CARP Failover not Working on Manual Outbound NAT
-
I have just ordered two "Mercury II 1U Server Six Ethernet pfSense Appliance" from Hacom. I have been using pfsense in other locations for a few years now, but no where near the depth of what I am trying to do now. I work in the medical field and am planning to implement these new firewalls shortly, but want to make sure everything is tested and working first before I put them into production. I have also been following and reading the book very closely and seem to be running into trouble. My ultimate design is to setup an enivorment with two pfsense firewalls, with carp failover as well as mutli-wan failover. At the moment I am currently just trying to setup CARP with one WAN. My primary wan is a comcast buisness line. I have each firewall setup for carp, and the master and backup statuses a re showing up correctly. However when I switched to manual outbound NAT, the internet stops working. Once i switched back to automatic, it works just perfectly. I have 2 CARP IP's on the firewalls that they are sharing, one LAN and WAN. Then each firewall interface has its own WAN and LAN ip. If I havent provided enough detail for you, just let me know what you need and I will get it for you. I would really really appreciate your help because im starting to pull my hair out.
-
Are you sure that the CARP VIP you have on WAN is working properly?

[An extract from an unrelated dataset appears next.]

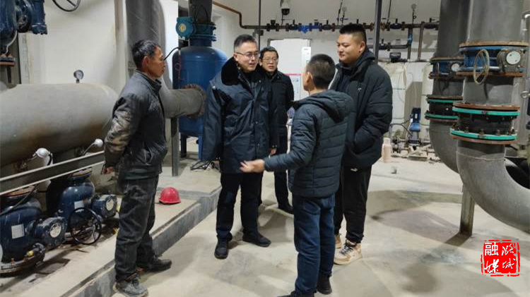 ▲微子镇负责人在王都庄村换热站查看设备运行情况。

Can you add a firewall rule to allow ICMP echo requests to the WAN CARP VIP and then try to ping it from somewhere remote on the Internet?
If it works on auto, the traffic would just be leaving by the WAN IP. But if your manual outbound NAT rules use the WAN CARP VIP, then it may not be working properly when trying to talk to the outside world.
-
Without adding any rules I could not ping either of the WAN interfaces or its CARP IP. Once added however I could ping all three. However something interesting that happened, I looked at the firewall logs and only the second firewall showed ICMP being blocked on the CARP IP. Correct me if I am wrong, but shouldnt the primary firewall show that unless the secondary is in master mode due to a failover? It almost seems like the CARP IP is being handled by the secondary and not the primary firewall.
-
That is correct, only the master should show that traffic.
If you look at Status > CARP, does the main firewall really show as master for all of the CARP VIPs?
-
Yes sir. Here is the screenshots. No offense for the blur outs, but since this is a medical facility I cannot publish our public IP's out.
-
Are there any CARP transitions logged under Status > System Logs?
Any bridging going on?
-
Firewall1's Logs
Dec 27 16:36:06 php: : Processing start -
Dec 27 16:36:06 php: : Processing -
Dec 27 16:38:26 check_reload_status: reloading filter
Dec 27 16:38:28 php: : Beginning XMLRPC sync to http://172.16.1.3:80.
Dec 27 16:38:29 php: : XMLRPC sync successfully completed with http://172.16.1.3:80.
Dec 28 08:53:34 check_reload_status: reloading filter
Dec 28 08:53:36 php: : Beginning XMLRPC sync to http://172.16.1.3:80.
Dec 28 08:53:36 php: : XMLRPC sync successfully completed with http://172.16.1.3:80.
Dec 28 08:55:56 check_reload_status: reloading filter
Dec 28 08:55:58 php: : Beginning XMLRPC sync to http://172.16.1.3:80.
Dec 28 08:55:59 php: : XMLRPC sync successfully completed with http://172.16.1.3:80.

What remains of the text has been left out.